Information:

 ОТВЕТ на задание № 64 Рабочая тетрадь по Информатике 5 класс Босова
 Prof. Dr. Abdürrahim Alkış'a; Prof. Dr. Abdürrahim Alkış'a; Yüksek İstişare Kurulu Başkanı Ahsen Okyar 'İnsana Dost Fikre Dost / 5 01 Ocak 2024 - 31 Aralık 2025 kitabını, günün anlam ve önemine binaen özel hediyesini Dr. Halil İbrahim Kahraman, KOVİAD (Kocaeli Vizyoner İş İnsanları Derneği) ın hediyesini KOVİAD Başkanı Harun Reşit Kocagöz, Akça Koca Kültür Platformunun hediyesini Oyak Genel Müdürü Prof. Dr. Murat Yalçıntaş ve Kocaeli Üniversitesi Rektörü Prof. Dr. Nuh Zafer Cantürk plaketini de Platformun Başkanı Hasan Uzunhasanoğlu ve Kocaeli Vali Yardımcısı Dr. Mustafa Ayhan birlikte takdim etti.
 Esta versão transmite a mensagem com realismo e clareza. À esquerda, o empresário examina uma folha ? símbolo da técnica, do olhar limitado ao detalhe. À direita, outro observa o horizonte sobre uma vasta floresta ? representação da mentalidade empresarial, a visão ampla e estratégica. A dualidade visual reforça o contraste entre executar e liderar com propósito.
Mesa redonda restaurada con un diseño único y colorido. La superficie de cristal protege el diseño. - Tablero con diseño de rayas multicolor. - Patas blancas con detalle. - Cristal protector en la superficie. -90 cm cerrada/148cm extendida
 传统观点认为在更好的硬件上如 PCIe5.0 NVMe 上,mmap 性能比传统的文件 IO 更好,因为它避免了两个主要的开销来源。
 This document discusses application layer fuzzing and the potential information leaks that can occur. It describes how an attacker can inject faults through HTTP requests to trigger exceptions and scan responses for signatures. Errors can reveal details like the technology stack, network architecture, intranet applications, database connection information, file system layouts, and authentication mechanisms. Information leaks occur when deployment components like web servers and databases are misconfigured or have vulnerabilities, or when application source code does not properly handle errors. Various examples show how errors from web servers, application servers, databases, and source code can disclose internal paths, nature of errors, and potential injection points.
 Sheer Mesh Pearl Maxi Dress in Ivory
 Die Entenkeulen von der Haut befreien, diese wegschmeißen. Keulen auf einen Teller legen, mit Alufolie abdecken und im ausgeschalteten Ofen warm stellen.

What you will do: Up to and including the line that holds "传统观点认为在更好的硬件上如 PCIe5.0 NVMe", reproduce the records above exactly from their first line, and give nothing else.

Exercise output:
 ОТВЕТ на задание № 64 Рабочая тетрадь по Информатике 5 класс Босова
 Prof. Dr. Abdürrahim Alkış'a; Prof. Dr. Abdürrahim Alkış'a; Yüksek İstişare Kurulu Başkanı Ahsen Okyar 'İnsana Dost Fikre Dost / 5 01 Ocak 2024 - 31 Aralık 2025 kitabını, günün anlam ve önemine binaen özel hediyesini Dr. Halil İbrahim Kahraman, KOVİAD (Kocaeli Vizyoner İş İnsanları Derneği) ın hediyesini KOVİAD Başkanı Harun Reşit Kocagöz, Akça Koca Kültür Platformunun hediyesini Oyak Genel Müdürü Prof. Dr. Murat Yalçıntaş ve Kocaeli Üniversitesi Rektörü Prof. Dr. Nuh Zafer Cantürk plaketini de Platformun Başkanı Hasan Uzunhasanoğlu ve Kocaeli Vali Yardımcısı Dr. Mustafa Ayhan birlikte takdim etti.
 Esta versão transmite a mensagem com realismo e clareza. À esquerda, o empresário examina uma folha ? símbolo da técnica, do olhar limitado ao detalhe. À direita, outro observa o horizonte sobre uma vasta floresta ? representação da mentalidade empresarial, a visão ampla e estratégica. A dualidade visual reforça o contraste entre executar e liderar com propósito.
Mesa redonda restaurada con un diseño único y colorido. La superficie de cristal protege el diseño. - Tablero con diseño de rayas multicolor. - Patas blancas con detalle. - Cristal protector en la superficie. -90 cm cerrada/148cm extendida
 传统观点认为在更好的硬件上如 PCIe5.0 NVMe 上,mmap 性能比传统的文件 IO 更好,因为它避免了两个主要的开销来源。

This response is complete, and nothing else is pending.